Task goal: From the entries below, return exactly the lines beginning at the one that contains "2025年以来,无极资本以独" and ending at the one that contains "Нур: Голум вә", both of them included, and only those lines.
**** Input records ****
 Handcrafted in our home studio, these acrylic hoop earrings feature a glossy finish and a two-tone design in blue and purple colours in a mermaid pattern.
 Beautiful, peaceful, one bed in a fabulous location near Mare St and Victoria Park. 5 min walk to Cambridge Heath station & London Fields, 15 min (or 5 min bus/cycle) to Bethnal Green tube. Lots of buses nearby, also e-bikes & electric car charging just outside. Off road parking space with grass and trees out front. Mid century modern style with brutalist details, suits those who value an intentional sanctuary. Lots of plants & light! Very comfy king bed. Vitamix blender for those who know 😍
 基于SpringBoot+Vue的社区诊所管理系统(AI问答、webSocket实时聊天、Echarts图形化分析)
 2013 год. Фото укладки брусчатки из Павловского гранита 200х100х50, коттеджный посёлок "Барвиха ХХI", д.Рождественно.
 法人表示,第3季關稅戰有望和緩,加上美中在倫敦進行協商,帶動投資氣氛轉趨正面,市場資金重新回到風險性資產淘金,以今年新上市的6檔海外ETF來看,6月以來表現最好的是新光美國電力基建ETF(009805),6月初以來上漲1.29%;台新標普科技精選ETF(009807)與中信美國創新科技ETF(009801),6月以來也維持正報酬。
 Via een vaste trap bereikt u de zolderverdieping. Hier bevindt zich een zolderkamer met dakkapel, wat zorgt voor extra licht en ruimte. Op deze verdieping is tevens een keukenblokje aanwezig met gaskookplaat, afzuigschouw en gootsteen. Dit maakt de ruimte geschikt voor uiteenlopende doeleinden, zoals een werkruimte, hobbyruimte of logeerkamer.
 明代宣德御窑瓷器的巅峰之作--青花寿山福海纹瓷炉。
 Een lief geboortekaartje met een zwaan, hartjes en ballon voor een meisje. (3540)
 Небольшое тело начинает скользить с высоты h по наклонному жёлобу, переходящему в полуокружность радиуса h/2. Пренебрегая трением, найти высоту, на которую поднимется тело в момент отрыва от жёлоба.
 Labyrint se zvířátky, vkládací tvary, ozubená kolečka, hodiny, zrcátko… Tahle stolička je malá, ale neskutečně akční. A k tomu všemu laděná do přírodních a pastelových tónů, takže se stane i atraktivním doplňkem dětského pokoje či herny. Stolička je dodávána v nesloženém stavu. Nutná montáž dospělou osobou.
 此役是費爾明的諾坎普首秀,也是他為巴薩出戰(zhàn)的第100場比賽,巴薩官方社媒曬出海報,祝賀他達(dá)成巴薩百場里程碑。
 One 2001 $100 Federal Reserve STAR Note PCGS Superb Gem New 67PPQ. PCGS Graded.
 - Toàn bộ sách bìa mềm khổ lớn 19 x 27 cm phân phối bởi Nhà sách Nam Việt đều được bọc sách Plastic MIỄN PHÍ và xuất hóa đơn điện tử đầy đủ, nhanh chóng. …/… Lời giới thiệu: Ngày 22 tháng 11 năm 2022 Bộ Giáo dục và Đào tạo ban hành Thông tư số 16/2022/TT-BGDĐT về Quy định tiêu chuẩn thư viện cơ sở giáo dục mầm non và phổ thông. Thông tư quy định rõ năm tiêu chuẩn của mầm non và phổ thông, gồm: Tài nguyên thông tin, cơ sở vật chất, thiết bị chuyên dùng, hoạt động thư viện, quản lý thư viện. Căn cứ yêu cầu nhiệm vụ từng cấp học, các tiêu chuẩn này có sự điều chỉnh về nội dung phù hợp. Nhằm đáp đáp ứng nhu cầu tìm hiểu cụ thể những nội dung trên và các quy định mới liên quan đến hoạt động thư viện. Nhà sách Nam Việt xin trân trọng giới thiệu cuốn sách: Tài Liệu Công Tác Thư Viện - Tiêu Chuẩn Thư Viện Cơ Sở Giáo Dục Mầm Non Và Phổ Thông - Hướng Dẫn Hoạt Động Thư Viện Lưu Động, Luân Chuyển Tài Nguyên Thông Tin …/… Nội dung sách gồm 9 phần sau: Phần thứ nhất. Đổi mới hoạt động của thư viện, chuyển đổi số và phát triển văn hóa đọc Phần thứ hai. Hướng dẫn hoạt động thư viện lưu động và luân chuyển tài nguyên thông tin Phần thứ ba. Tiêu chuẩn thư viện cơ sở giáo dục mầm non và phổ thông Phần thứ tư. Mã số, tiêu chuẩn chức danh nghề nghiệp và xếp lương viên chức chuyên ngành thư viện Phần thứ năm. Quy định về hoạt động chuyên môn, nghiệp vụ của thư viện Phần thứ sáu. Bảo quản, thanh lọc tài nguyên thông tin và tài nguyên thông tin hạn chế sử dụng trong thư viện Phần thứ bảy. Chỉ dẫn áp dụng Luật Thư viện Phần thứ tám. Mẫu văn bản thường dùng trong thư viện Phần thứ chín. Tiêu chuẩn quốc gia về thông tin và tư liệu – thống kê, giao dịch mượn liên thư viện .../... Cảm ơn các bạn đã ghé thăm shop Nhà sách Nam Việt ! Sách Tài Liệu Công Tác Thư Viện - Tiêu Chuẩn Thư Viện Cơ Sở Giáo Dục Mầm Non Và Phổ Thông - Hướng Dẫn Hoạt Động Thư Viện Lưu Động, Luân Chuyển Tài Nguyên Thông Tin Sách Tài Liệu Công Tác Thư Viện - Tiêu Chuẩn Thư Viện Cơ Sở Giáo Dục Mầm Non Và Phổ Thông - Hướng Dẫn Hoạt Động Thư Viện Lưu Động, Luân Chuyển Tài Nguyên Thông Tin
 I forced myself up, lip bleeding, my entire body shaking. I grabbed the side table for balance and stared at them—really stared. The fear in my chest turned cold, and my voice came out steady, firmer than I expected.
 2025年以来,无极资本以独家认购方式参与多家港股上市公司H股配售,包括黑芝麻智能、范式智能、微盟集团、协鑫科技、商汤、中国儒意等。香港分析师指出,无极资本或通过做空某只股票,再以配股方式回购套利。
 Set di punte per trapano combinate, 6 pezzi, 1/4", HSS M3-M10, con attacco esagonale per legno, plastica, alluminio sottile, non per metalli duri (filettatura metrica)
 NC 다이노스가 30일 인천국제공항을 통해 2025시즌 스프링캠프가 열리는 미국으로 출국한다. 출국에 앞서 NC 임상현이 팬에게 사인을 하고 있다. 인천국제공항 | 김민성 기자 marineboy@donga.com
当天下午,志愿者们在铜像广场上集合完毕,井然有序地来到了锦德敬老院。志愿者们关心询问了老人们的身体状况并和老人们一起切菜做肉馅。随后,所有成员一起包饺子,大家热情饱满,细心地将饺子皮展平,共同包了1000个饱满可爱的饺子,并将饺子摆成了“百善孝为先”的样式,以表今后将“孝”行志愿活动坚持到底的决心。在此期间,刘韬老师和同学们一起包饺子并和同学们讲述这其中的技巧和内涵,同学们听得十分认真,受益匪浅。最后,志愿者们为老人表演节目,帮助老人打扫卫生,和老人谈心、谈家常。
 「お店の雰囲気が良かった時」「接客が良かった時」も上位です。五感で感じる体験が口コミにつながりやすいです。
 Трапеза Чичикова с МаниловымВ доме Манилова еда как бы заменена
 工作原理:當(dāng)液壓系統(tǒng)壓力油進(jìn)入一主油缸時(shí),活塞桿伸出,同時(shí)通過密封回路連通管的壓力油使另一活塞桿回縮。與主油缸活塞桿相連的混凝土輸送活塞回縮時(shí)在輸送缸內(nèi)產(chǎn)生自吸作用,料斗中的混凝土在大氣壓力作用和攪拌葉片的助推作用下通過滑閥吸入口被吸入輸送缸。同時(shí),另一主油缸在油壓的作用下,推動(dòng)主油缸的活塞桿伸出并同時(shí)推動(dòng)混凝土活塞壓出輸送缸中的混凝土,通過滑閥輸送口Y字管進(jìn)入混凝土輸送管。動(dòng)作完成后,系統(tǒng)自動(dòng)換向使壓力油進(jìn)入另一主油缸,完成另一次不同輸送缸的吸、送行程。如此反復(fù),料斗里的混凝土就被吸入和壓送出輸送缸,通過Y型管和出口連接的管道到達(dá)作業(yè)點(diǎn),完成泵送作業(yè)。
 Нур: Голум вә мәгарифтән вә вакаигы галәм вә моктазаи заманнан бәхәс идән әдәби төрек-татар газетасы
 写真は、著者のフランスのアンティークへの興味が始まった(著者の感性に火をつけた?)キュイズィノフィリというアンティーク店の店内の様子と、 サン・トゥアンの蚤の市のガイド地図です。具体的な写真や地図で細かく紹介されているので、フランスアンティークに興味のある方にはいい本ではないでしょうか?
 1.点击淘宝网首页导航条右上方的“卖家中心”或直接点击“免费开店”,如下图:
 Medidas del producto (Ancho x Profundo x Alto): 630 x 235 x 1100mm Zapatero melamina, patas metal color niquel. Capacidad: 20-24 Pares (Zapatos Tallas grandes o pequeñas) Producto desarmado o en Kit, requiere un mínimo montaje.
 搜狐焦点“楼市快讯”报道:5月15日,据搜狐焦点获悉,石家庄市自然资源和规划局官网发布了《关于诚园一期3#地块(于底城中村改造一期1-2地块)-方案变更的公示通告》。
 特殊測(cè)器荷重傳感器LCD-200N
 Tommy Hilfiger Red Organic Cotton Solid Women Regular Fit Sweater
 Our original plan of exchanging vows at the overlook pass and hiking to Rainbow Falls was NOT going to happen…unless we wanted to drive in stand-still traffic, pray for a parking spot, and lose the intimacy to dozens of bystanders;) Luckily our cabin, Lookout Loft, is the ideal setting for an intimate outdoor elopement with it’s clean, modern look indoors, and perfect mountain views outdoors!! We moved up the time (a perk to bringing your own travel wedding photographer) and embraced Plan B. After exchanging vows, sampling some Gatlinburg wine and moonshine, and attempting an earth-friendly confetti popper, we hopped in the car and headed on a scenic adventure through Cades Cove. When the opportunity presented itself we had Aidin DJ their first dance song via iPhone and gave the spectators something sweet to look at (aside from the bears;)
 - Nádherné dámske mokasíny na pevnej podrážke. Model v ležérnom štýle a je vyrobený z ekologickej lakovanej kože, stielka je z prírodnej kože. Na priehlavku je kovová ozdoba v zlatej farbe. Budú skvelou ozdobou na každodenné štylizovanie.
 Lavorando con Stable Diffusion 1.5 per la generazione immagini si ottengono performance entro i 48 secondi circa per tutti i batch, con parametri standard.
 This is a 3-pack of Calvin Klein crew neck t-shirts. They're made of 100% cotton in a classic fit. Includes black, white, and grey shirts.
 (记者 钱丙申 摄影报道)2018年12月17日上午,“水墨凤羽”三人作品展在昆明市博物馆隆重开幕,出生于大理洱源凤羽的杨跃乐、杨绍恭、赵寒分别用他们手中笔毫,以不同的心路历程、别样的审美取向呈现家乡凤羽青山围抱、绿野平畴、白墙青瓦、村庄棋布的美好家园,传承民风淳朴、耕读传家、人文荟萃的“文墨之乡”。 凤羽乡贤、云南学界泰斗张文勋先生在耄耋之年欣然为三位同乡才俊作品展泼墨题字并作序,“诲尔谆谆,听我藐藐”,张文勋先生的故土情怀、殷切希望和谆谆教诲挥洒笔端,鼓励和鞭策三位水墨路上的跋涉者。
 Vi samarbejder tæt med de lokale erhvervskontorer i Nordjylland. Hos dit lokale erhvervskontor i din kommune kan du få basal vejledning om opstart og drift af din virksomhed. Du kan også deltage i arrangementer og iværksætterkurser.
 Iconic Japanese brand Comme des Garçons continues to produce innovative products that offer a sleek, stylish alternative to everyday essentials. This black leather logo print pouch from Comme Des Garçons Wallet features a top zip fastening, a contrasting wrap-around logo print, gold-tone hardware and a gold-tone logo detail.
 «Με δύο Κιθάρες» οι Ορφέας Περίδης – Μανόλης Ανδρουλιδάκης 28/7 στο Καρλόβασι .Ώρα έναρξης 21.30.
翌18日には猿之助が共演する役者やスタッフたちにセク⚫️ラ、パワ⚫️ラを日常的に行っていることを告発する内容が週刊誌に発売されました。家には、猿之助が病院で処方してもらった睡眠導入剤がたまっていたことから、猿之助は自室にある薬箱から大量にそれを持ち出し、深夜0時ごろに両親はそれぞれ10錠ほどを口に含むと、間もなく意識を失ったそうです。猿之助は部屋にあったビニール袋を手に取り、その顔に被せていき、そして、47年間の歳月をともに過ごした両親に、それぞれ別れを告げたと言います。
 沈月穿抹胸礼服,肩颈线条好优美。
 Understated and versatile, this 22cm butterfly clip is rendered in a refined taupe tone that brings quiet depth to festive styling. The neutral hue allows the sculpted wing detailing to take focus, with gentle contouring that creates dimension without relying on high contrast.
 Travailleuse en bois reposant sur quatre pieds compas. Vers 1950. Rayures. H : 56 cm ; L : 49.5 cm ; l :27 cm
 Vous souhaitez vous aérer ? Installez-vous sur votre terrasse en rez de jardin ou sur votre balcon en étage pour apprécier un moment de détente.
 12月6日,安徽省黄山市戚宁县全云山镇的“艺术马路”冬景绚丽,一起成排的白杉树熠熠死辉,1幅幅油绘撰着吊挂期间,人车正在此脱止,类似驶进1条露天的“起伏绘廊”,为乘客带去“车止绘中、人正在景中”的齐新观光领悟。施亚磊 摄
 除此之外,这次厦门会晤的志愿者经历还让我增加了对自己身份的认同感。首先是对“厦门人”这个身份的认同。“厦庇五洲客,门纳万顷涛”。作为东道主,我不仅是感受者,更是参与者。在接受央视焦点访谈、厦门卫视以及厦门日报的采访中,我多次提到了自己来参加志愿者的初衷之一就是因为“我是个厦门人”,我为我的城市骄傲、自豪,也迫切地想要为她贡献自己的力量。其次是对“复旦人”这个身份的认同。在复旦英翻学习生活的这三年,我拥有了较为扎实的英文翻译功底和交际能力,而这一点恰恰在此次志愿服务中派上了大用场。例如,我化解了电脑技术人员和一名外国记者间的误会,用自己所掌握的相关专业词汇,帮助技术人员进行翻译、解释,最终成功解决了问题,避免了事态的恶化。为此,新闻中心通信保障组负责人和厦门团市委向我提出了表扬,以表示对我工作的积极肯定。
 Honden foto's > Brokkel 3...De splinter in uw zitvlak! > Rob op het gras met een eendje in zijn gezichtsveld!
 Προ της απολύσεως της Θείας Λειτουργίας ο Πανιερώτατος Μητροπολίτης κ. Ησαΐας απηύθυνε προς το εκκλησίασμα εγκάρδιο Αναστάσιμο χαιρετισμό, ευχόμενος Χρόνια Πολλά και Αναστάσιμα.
****
Written response:
 2025年以来,无极资本以独家认购方式参与多家港股上市公司H股配售,包括黑芝麻智能、范式智能、微盟集团、协鑫科技、商汤、中国儒意等。香港分析师指出,无极资本或通过做空某只股票,再以配股方式回购套利。
 Set di punte per trapano combinate, 6 pezzi, 1/4", HSS M3-M10, con attacco esagonale per legno, plastica, alluminio sottile, non per metalli duri (filettatura metrica)
 NC 다이노스가 30일 인천국제공항을 통해 2025시즌 스프링캠프가 열리는 미국으로 출국한다. 출국에 앞서 NC 임상현이 팬에게 사인을 하고 있다. 인천국제공항 | 김민성 기자 marineboy@donga.com
当天下午,志愿者们在铜像广场上集合完毕,井然有序地来到了锦德敬老院。志愿者们关心询问了老人们的身体状况并和老人们一起切菜做肉馅。随后,所有成员一起包饺子,大家热情饱满,细心地将饺子皮展平,共同包了1000个饱满可爱的饺子,并将饺子摆成了“百善孝为先”的样式,以表今后将“孝”行志愿活动坚持到底的决心。在此期间,刘韬老师和同学们一起包饺子并和同学们讲述这其中的技巧和内涵,同学们听得十分认真,受益匪浅。最后,志愿者们为老人表演节目,帮助老人打扫卫生,和老人谈心、谈家常。
 「お店の雰囲気が良かった時」「接客が良かった時」も上位です。五感で感じる体験が口コミにつながりやすいです。
 Трапеза Чичикова с МаниловымВ доме Манилова еда как бы заменена
 工作原理:當(dāng)液壓系統(tǒng)壓力油進(jìn)入一主油缸時(shí),活塞桿伸出,同時(shí)通過密封回路連通管的壓力油使另一活塞桿回縮。與主油缸活塞桿相連的混凝土輸送活塞回縮時(shí)在輸送缸內(nèi)產(chǎn)生自吸作用,料斗中的混凝土在大氣壓力作用和攪拌葉片的助推作用下通過滑閥吸入口被吸入輸送缸。同時(shí),另一主油缸在油壓的作用下,推動(dòng)主油缸的活塞桿伸出并同時(shí)推動(dòng)混凝土活塞壓出輸送缸中的混凝土,通過滑閥輸送口Y字管進(jìn)入混凝土輸送管。動(dòng)作完成后,系統(tǒng)自動(dòng)換向使壓力油進(jìn)入另一主油缸,完成另一次不同輸送缸的吸、送行程。如此反復(fù),料斗里的混凝土就被吸入和壓送出輸送缸,通過Y型管和出口連接的管道到達(dá)作業(yè)點(diǎn),完成泵送作業(yè)。
 Нур: Голум вә мәгарифтән вә вакаигы галәм вә моктазаи заманнан бәхәс идән әдәби төрек-татар газетасы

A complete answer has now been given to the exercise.